ACM MM — LLMpedia

ACM MM
Name	ACM International Conference on Multimedia
Abbreviation	ACM MM
Discipline	Multimedia, Computer Vision, Machine Learning, Human-Computer Interaction
Publisher	Association for Computing Machinery
Frequency	Annual
First	1993

Contents

ACM MM

The ACM International Conference on Multimedia is an annual flagship venue for research on multimedia systems, multimedia content analysis, multimedia retrieval, and multimedia applications. The conference brings together researchers from Association for Computing Machinery, IEEE Computer Society, International Organization for Standardization, National Science Foundation, and industrial labs such as Google Research, Facebook AI Research, Microsoft Research, and Adobe Research to present advances spanning algorithms, systems, datasets, and applications. The event typically features peer-reviewed technical papers, demonstrations, workshops, tutorials, and keynote talks by leaders associated with institutions like Massachusetts Institute of Technology, Stanford University, Carnegie Mellon University, University of California, Berkeley, and Tsinghua University.

Overview

ACM MM serves as a multidisciplinary forum linking work from University of Oxford, University of Cambridge, ETH Zurich, Peking University, Seoul National University, and industry teams at Amazon Web Services, Apple Inc., NVIDIA, Samsung Research, and Baidu Research. The program commonly covers topics related to multimedia indexing, retrieval, summarization, captioning, cross-modal learning, and real-time codecs, drawing authors from Google DeepMind, OpenAI, Huawei Noah's Ark Lab, SenseTime, and ByteDance AI Lab.

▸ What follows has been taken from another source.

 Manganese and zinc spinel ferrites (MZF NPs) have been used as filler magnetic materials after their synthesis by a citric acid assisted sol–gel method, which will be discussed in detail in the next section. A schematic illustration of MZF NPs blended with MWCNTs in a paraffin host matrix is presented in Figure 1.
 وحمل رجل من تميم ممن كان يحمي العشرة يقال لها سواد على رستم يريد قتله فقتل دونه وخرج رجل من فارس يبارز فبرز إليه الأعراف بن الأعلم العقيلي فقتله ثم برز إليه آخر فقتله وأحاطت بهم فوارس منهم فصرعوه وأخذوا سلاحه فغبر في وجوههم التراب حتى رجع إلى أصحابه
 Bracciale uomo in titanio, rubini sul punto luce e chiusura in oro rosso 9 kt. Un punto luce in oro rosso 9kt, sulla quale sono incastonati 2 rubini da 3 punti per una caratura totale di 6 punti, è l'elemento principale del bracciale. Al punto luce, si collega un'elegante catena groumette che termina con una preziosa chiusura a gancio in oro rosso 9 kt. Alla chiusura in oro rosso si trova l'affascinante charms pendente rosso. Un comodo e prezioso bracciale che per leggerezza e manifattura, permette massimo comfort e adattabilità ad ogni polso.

Founded in 1993 as an effort to consolidate research presented at venues related to multimedia, the conference evolved alongside advances from work by groups at Bell Labs, Mitsubishi Electric Research Laboratories, Siemens Corporate Research, and Xerox PARC. Milestones include early multimedia standards and initiatives led by Moving Picture Experts Group, breakthroughs in content-based image retrieval associated with Cornell University, and the rise of deep learning methods influenced by publications from University of Toronto, University College London, and Google Brain. Over decades the meeting expanded to incorporate workshops like those tied to NeurIPS, ICCV, CVPR, ECCV, and ACL.

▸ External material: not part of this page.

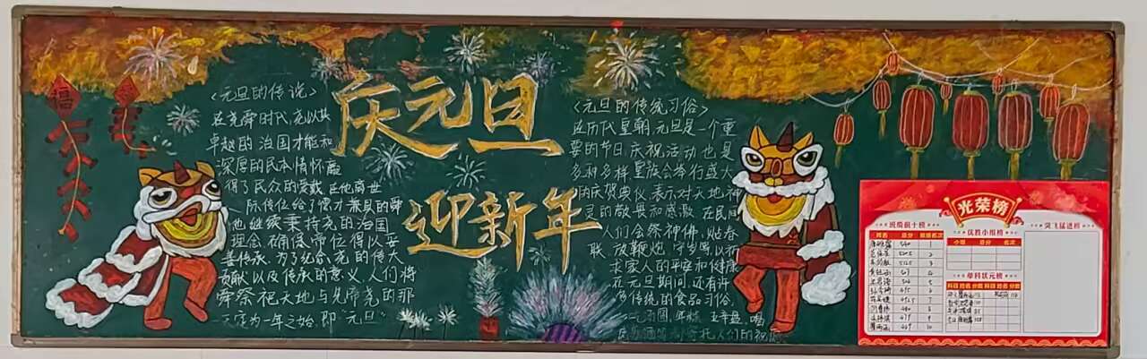 为了烘托学校的节日气氛,激发学生的集体荣誉感和团结合作的意识,学校团委组织开展了以“庆元旦·迎新年”为主题的黑板报评比活动。

The program structure normally includes a main technical track, poster sessions, demo tracks, tutorials, and co-located workshops organized by groups from IEEE Transactions on Multimedia, ACM Transactions on Multimedia Computing, Communications, and Applications, SIGMM, and editorial boards with members from Princeton University, Brown University, University of Washington, and University of Illinois Urbana-Champaign. Typical topic areas span multimedia search, multimodal learning, speech and audio processing attributed to teams at ETH Zurich, Johns Hopkins University, and University of Southern California, visual understanding linked to Caltech, Duke University, and National University of Singapore, and human-centered multimedia prioritizing work from Cornell Tech, Georgia Institute of Technology, and University of Michigan.

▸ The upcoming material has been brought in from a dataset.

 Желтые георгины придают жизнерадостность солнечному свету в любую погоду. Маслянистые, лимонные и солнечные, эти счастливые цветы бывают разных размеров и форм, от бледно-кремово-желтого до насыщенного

Noteworthy contributions presented at the conference include early work on content-based image retrieval from researchers affiliated with Cornell University and University of California, Berkeley, multimedia indexing frameworks from Microsoft Research and IBM Research, cross-modal embedding advances influenced by teams at Facebook AI Research and Google Research, and large-scale dataset releases inspired by efforts at ImageNet-related labs and groups at Yahoo! Research. Influential methods for video understanding, caption generation, and action recognition were advanced by collaborations including Carnegie Mellon University, University of Oxford, University of Tokyo, and KAIST. Benchmarks and challenge tracks have catalyzed progress akin to initiatives sponsored by Kaggle, ImageNet Challenge, and PASCAL VOC efforts.

The conference recognizes outstanding work through Best Paper Awards, Best Demo Awards, and Doctoral Consortium honors administered by committees with members from SIGMM, IEEE Signal Processing Society, ACM SIGCHI, and academic leaders at Columbia University, Yale University, University of Pennsylvania, and University of Toronto. Recipients have included researchers who later received accolades such as Turing Award-level recognition, influential fellowships from Gordon and Betty Moore Foundation, and funding from organizations like the European Research Council and Japan Society for the Promotion of Science.

Organizational leadership typically comes from program chairs and general chairs drawn from universities and industry labs including University of California, Los Angeles, Nanyang Technological University, Hong Kong University of Science and Technology, Infosys, Intel Labs, Qualcomm Research, and Lenovo Research. Sponsors often include Association for Computing Machinery, Microsoft Research, Amazon Web Services, Google, Huawei, and regional hosts coordinated with municipal entities and conference bureaus in cities such as Beijing, New York City, San Francisco, Barcelona, Suzhou, and Seattle.